Several limitations to these analyses should be noted. First, there were few psychosocial variables available for adjustment, and these characteristics may be important determinants of survival2125, though whether such variables are also associated with adherence, fulfilling the definition of confounding, remains to be determined. Other, potentially important predictors of mortality in patients with CHF, such as exercise and depression, were not available for analysis and, if associated with adherence, may explain some of our findings. While the overall quality of the data was high, 2–3% of individual visit adherence values exceeded our data quality cutoff point and were set to missing. Finally, the lack of longitudinal data on potential confounders made it impossible to adjust for changes in these risk factors during the trials.

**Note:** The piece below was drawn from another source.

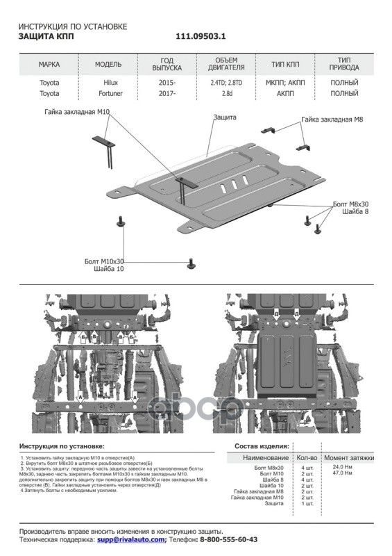 Защита КПП + комплект крепежа, Toyota Fortuner 2017-, V - 2.8d 2,7 полный привод/Toyota Hilux 2015

The implications of these findings are profound. The improved survival associated with greater adherence to placebo, if validated in other studies, is substantial and clinically meaningful. As noted, the factor(s) associated with this mortality reduction do not appear to be easily identifiable, but these analyses suggest that this survival advantage is not associated with risk factors that are commonly considered to predict survival, including smoking, hyperlipidemia, hypertension, and diabetes. Understanding for what placebo adherence is a marker may shed important light on strong determinants of health that go beyond traditional, well-accepted risk factors. Whether such determinants are intrinsic personal characteristics or represent potentially modifiable behaviors and psychological attributes that could be used to improve patients' health outcomes is a critical issue that deserves greater investigation and understanding.